Creating an IPU Dashboard

Over the past year we have build an integrated, multidisciplinary Transplant Center from our individual transplant programs. Transplant medicine has been at the pinnacle of value-based health care owing to mandatory outcome reporting on primary (patient and graft survival) and secondary (rejections and organ function) outcomes. However, we want to improve on the current status quo and bring it to the next level. We want to implement registration at the source (in our EMR), perform automatic uploads to mandatory reporting systems, implement tertiary, quaternary and higher outcome reporting by developing PROMs and establishing links with our complication and waitlist registries, and finally link it to our financial data. We want to build an dashboard that visualises all this with information from our hospital information system (readmissions, lenght of stay, etc.). The questions I have are:

1] How to build support from the work floor to implement registration at the source in a convenient way.
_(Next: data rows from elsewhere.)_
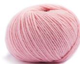
40 Altrosa Antique Pink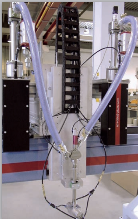
E-KDP 250 with static mixer

The optimal adjustment to the process conditions is completed by the servo-electric transmission principle.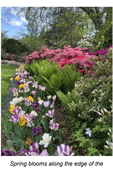
Spring blooms along the edge of the Lunar Lawn.

We look forward to welcoming back our garden docents for the upcoming fall touring season, which will run from Tuesday, September 2 to Sunday, November 16 . Tours will be offered at 10:30 a.m. and 12:30 p.m. Tuesday-Sunday, with an additional 2:30 p.m. tour Friday-Sunday. For more information, please visit the 2025 Garden Touring Season Information page on the volunteer website.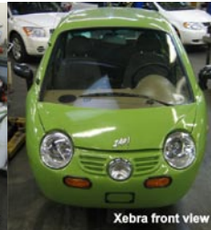
Xebra front view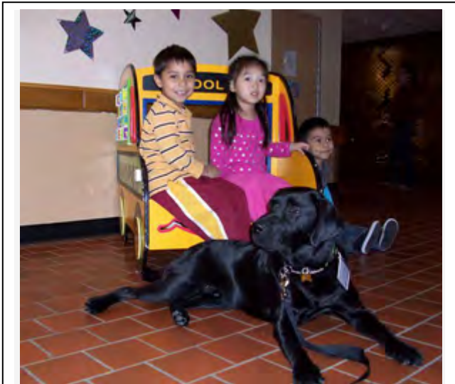
Chuckie poses with a few of the children that attend The Block Institute. Along with his brother Chester, the dogs have been a positive influence on both the students and the staff.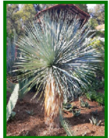
Yucca rostrata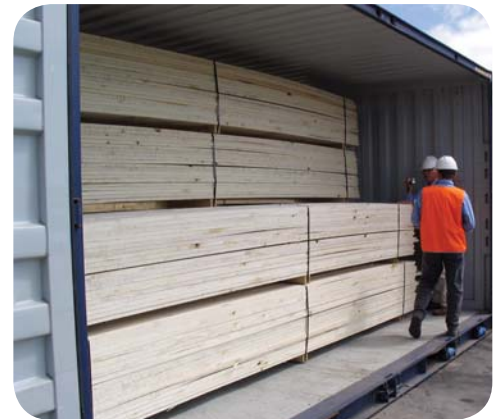
Nitens export lumber

PENTARCH FOREST PRODUCTS an integrated approach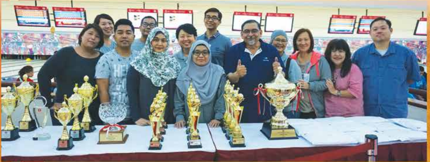
SIEU Sports & Recreation Committee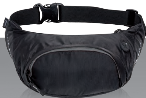
HIP BAG FLASH (LNN501)

Hip Bag from the Flash collection made of tear-resistant, very durable material. It has a capacious pocket closed with a zipper. Equipped with an adjustable strap, headphone output and air flow system on the back.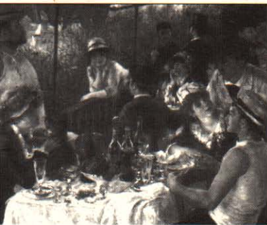
The Luncheon of the Boating Party, Pierre-Auguste Renoir, as depicted on the cover of The Impressionists' Table: Recipes and Gastronomy of 19th Century France, Rizzoli, NYC, 1994

She will discuss the fascinating world of 19th century cafes, picnics, concerts and restaurants and their significance to such painters as Edouard Manet, Claude Monet, Auguste Renoir, Paul Cezanne, Mary Cassatt, Berthe Morisot, Vincent Van Gogh and Henri de Toulouse-Lautrec.

The burden and time effort of registration should not outweigh the merits of a dashboard.

 

2] How to get budget and IT prioritization (support) from upper management. This is not part of refundable care and there is feeling that transplant medicine is approaching the asymptote of value based health care with increasing cost / effort for increasingly less added value. How to create a sense of urgency and need?

 

3] How to get (an overview) of technical know-how and necessities to build the Dashboard from different databases without the need to involve expensive consultants (to not play into issue #2)?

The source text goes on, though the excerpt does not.